The ring of Witt vectors over a perfect valuation ring of characteristic p, often denoted \(\mathbf {A}_{{{\mathrm{inf}\,}}}\), plays a pivotal role in p-adic Hodge theory; for instance, Bhatt–Morrow–Scholze have recently reinterpreted and refined the crystalline comparison isomorphism by relating it to a certain \(\mathbf {A}_{{{\mathrm{inf}\,}}}\)-valued cohomology theory. We address some basic ring-theoretic questions about \(\mathbf {A}_{{{\mathrm{inf}\,}}}\), motivated by analogies with two-dimensional regular local rings. For example, we show that in most cases \(\mathbf {A}_{{{\mathrm{inf}\,}}}\), which is manifestly not noetherian, is also not coherent.
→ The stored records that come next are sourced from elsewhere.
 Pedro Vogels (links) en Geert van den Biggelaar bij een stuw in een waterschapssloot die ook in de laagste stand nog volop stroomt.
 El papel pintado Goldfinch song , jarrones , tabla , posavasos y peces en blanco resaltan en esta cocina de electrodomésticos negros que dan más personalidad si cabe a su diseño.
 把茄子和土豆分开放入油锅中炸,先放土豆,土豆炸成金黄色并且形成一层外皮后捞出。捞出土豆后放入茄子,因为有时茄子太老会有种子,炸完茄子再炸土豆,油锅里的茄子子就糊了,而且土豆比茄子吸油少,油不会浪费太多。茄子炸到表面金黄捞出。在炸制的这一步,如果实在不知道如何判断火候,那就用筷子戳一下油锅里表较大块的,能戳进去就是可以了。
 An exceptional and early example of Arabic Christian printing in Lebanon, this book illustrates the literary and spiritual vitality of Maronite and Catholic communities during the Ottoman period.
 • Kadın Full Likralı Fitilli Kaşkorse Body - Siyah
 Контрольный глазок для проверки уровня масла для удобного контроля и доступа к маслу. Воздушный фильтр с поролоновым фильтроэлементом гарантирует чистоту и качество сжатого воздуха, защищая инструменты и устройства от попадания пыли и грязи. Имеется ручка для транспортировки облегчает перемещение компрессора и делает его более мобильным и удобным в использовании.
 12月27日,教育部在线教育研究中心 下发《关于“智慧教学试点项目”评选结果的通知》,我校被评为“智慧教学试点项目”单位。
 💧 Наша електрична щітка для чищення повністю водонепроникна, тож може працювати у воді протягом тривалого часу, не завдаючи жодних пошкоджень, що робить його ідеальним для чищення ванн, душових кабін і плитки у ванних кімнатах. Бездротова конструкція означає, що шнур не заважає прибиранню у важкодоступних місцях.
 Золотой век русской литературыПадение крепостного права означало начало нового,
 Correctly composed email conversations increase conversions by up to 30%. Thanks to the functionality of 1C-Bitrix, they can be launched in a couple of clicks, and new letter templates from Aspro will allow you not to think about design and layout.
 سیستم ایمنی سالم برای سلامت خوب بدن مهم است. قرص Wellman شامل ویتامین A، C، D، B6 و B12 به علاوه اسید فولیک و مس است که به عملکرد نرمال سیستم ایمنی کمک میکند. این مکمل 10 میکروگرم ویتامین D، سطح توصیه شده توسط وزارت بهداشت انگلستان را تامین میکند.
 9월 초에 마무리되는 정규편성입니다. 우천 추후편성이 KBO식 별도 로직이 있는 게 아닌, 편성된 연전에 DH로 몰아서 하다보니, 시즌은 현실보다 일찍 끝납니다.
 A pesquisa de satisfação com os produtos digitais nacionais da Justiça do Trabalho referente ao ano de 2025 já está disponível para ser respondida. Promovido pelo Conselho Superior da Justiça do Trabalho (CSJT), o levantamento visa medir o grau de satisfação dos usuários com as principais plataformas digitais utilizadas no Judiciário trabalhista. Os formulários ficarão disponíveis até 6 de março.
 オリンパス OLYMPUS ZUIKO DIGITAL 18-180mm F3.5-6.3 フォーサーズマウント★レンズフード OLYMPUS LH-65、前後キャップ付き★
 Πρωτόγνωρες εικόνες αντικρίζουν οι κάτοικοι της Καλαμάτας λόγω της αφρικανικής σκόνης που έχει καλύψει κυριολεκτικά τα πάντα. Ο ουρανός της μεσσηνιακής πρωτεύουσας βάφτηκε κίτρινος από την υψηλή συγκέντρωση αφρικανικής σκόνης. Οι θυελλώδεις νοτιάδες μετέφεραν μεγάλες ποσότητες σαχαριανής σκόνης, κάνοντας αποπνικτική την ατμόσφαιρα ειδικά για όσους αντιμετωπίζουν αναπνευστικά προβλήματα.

On the other hand, it does have the property that vector bundles over the complement of the closed point in \({{\,\mathrm{Spec}\,}}\mathbf {A}_{{{\mathrm{inf}\,}}}\) do extend uniquely over the puncture; moreover, a similar statement holds in Huber’s category of adic spaces.

Keywords

Witt vectors Perfectoid rings 

Notes

Acknowledgements

The author was supported by NSF (grant DMS-1501214, DMS-1802161), UC San Diego (Warschawski Professorship), Guggenheim Fellowship (fall 2015), and IAS (Visiting Professorship 2018–2019). Some of this work was carried out at MSRI during the fall 2014 research program “New geometric methods in number theory and automorphic forms” supported by NSF grant DMS-0932078. Thanks to Jaclyn Lang, Judith Ludwig, and Peter Scholze for additional feedback.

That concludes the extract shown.